Supplied information: Begin

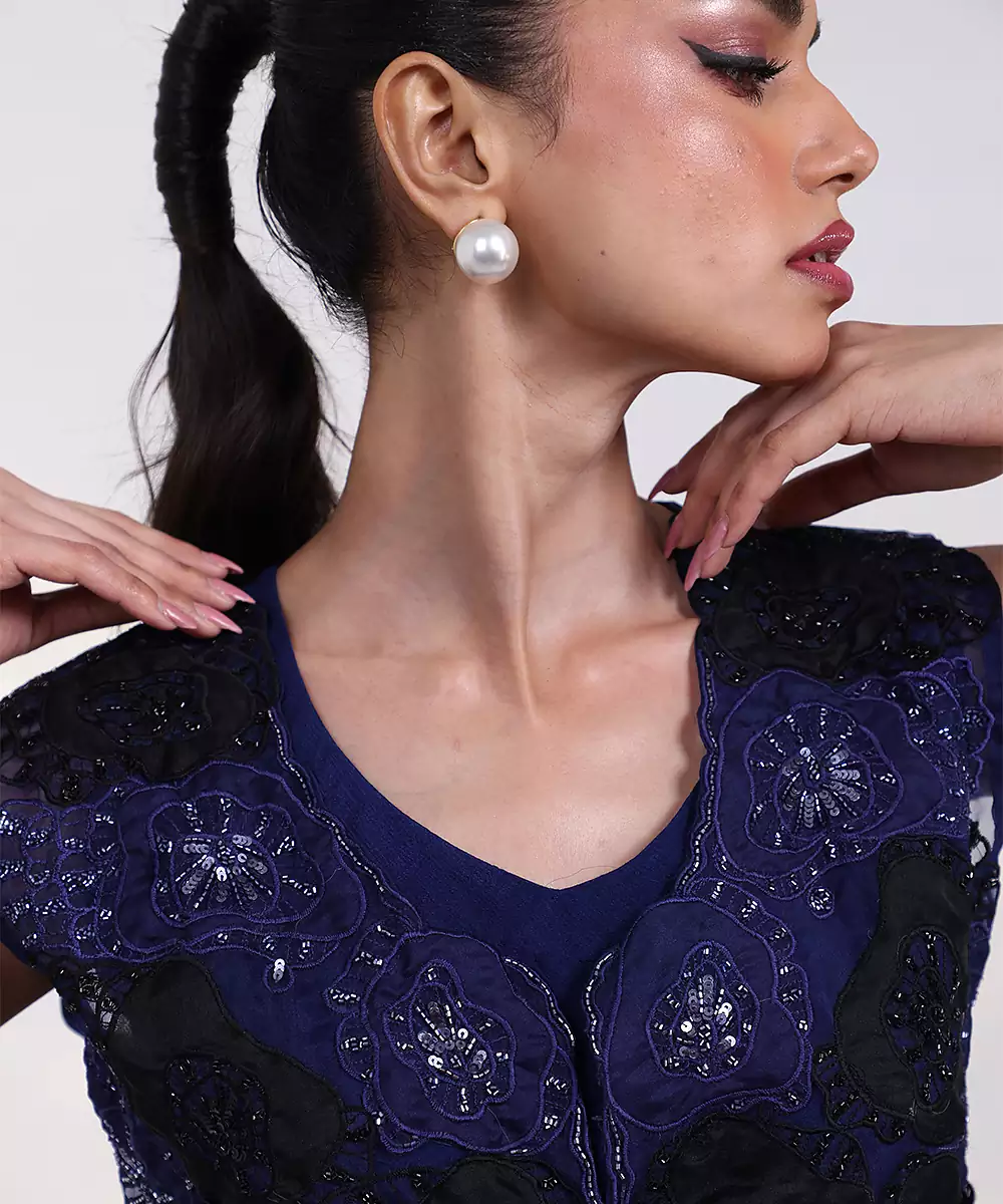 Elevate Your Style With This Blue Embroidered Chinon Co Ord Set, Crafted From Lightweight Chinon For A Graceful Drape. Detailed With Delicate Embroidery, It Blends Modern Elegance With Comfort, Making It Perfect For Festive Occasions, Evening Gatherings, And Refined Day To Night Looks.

Supplied information: End
Supplied information: Begin

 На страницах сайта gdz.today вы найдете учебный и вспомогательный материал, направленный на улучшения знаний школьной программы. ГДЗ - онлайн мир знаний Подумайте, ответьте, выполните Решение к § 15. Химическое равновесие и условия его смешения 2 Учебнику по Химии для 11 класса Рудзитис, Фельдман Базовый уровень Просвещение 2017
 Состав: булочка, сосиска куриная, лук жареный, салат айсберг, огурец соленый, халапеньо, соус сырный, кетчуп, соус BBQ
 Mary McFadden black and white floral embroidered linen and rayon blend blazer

Supplied information: End

**Exercise goal:**
Set down, exactly as they appear above, all lines from the one that has "На страницах сайта" down to the one that has "Mary McFadden black", including those two and no others.

**Worked solution:**
 На страницах сайта gdz.today вы найдете учебный и вспомогательный материал, направленный на улучшения знаний школьной программы. ГДЗ - онлайн мир знаний Подумайте, ответьте, выполните Решение к § 15. Химическое равновесие и условия его смешения 2 Учебнику по Химии для 11 класса Рудзитис, Фельдман Базовый уровень Просвещение 2017
 Состав: булочка, сосиска куриная, лук жареный, салат айсберг, огурец соленый, халапеньо, соус сырный, кетчуп, соус BBQ
 Mary McFadden black and white floral embroidered linen and rayon blend blazer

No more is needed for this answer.